Q:bili PAAs platform, automatic expansion and manual expansion, the application of a lot of which way? Will the resources be re-dispatched after automatic expansion? Will the existing business be interrupted?
A: The use of more is based on the development of a good strategy, automatic expansion. Provide services externally through nginx dynamic upstream, without disrupting business.
Q: About log collection every container runs a logstash? Like elk can't search the display context?
A: There is no running logstash inside the container. Currently in the remote Logstash cluster listening to a UDP port, the application directly push the log to the Logstash UDP port, and then logstash the log to the Kafka,kafka consumers have two, one is Elasticsearch, One is HDFs. Generally with elk enough. When verbose logging is required, it is queried by operations through HDFs.

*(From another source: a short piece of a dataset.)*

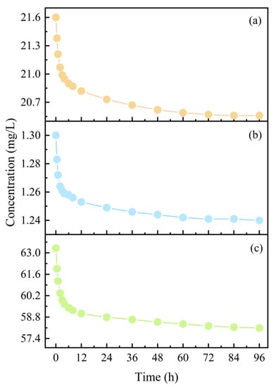 Based on the result above, biochar was utilized as fillers for strengthening the capacity of floating islands and increasing the removal efficiencies on the whole. As shown in Figure 2, all the composite islands displayed better performance and various indexes of treated water met class IV of the standard (GB 3838-2002), and some of them could even accorded with class III, demonstrating the significant effectiveness for water purification with the additional fillers. Furthermore, it can be found that the fast removal process was remarkably enhanced, especially at the first stage of 0~8 d, and the final equilibrium reached in advance, which could be attributed to the brilliant properties of biochar. Briefly, biochar displayed brilliant performance in the porous structure and functional groups, which provided abundant active sites for the rapid adsorption process, and the generally negative charged properties were also conducive to the removal of contaminants such as NH4+-N [,,]. In order to eliminate the effects of biochar on the removal efficiencies, exploration for the removal of various contaminants with biochar alone was conducted; the results are shown in Figure 3. It can be observed that the rapid adsorption proceeded within the first 2 h, since active sites on biochar were relatively abundant and the contaminants could be adsorbed quickly. However, the adsorption was quite ponderous as the reaction proceeded, and it reached equilibrium in the later dozens of hours, yet the overall removal efficiencies were not very significant, showing that the enhancement above did not originate from the direct adsorption by biochar. Accordingly, water purification in composite island systems can be actually reckoned on the synergism among plants, biochar, and the attached microbes. Apart from the effects analyzed in Section 3.1.1, biochar participated in the direct and indirect pathways during the removal process, and Scheme 1 exhibits the figurative effects. Firstly, pores and functional groups always served as active sites for the physical and chemical removal, such as pore filling and surface complexation, and the effects were especially notable during the initially rapid adsorption process [,,]. Additionally, concentrations of N and P around the roots would be higher owing to the enrichment of biochar, thus realizing the better utilization by plants and further boosting the removal of contaminants by plants and the attached microbes. In addition, biofilms can be gradually formed on biochar particles and the extra biological metabolism would further promote the removal of NH4+-N, P, COD, etc. In general, adding biochar could not only stimulate the initial adsorption with obvious effects but also continuously affect the subsequent process. Hence, the performance, including the rate of rapid adsorption, the final efficiencies, and the equilibrium during the whole running, was much better than plant islands.

Q: I would like to ask the following nginx some of the dynamic configuration files are encapsulated inside the container? Or was it volume by the way it was mounted? Is there a service similar to configuration center? How does this piece of information come to be realized?
The upstream of A:nginx is generated locally from consul dynamically, and is persisted to the host through volume mounts. There is a configuration center. When the business is Docker, the business configuration is driven to the configuration center, and Docker is not in a configuration that stores business dependencies.
The above content is organized according to the September 27, 2016 night group sharing content. Share people
Wuan, Bilibili operations Engineer, is currently responsible for the B station operation and operation of Docker implementation. has been focused on the development of Docker, the implementation of a container platform combining Docker and Mesos。 Dockone Weekly will organize the technology to share, welcome interested students add: Liyingjiesz, into group participation, you want to listen to the topic or want to share the topic can give us a message.